**Your assignment**
In the copy, every line of the material that follows must appear exactly, and no pictures should.

**Dataset extract**
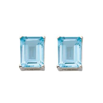 The famous emerald cut, the tantalizing blue topaz. Classic 7x5mm emerald cut blue topaz stud earrings, sterling silver. Matches well with necklace JN245-BT and bracelet JB1497.
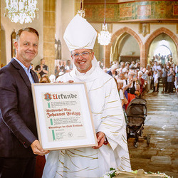 Dabei wurde sein Geschenk an die Pfarre, die Johannesglocke geweiht.
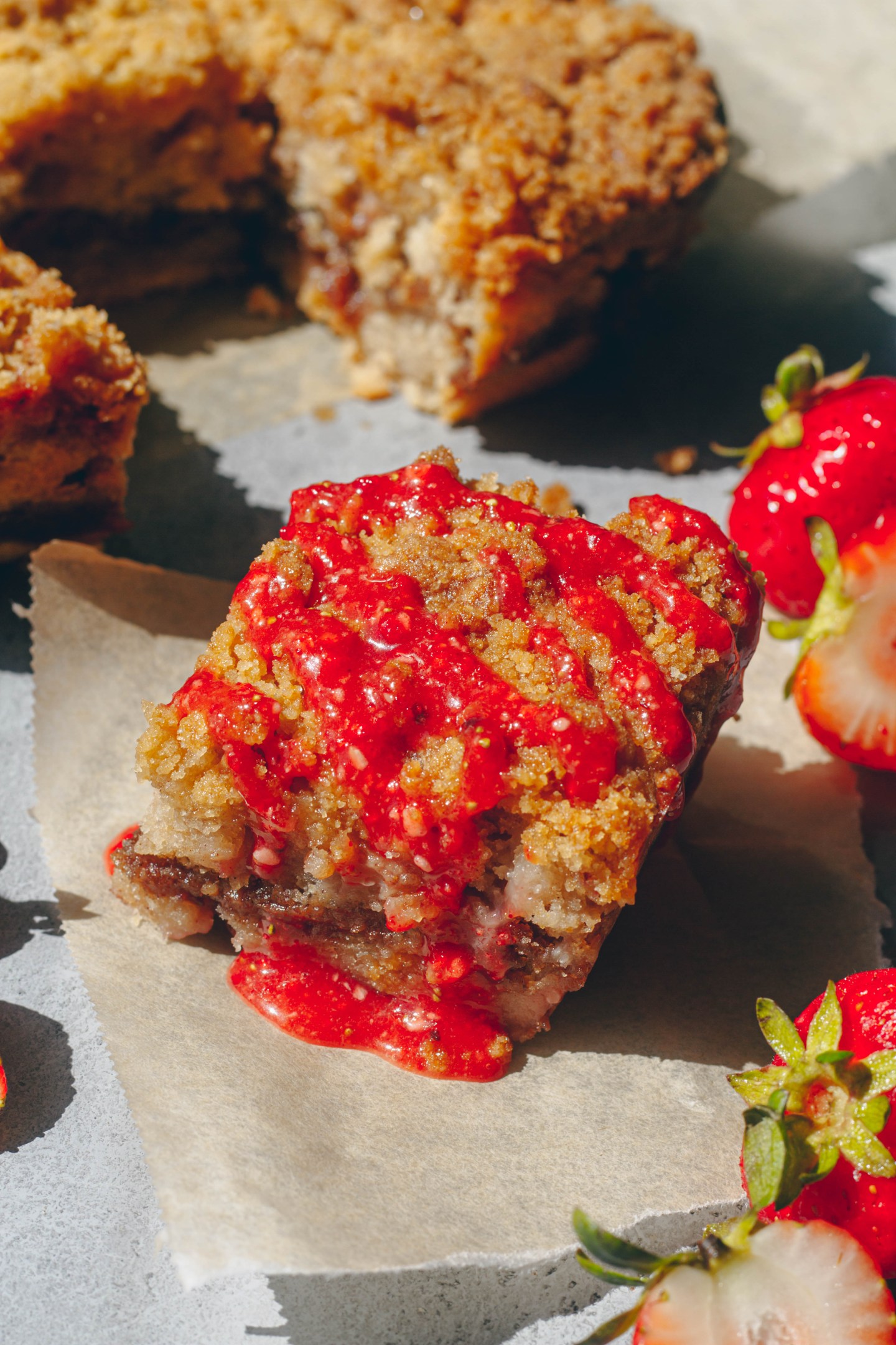 This coffee cake contains everything you could ask for – bursts of fresh strawberries, swirls of strawberry jam, a sweet cinnamon filling, and a buttery streusel topping.

**Answer to the problem**
 The famous emerald cut, the tantalizing blue topaz. Classic 7x5mm emerald cut blue topaz stud earrings, sterling silver. Matches well with necklace JN245-BT and bracelet JB1497.
 Dabei wurde sein Geschenk an die Pfarre, die Johannesglocke geweiht.
 This coffee cake contains everything you could ask for – bursts of fresh strawberries, swirls of strawberry jam, a sweet cinnamon filling, and a buttery streusel topping.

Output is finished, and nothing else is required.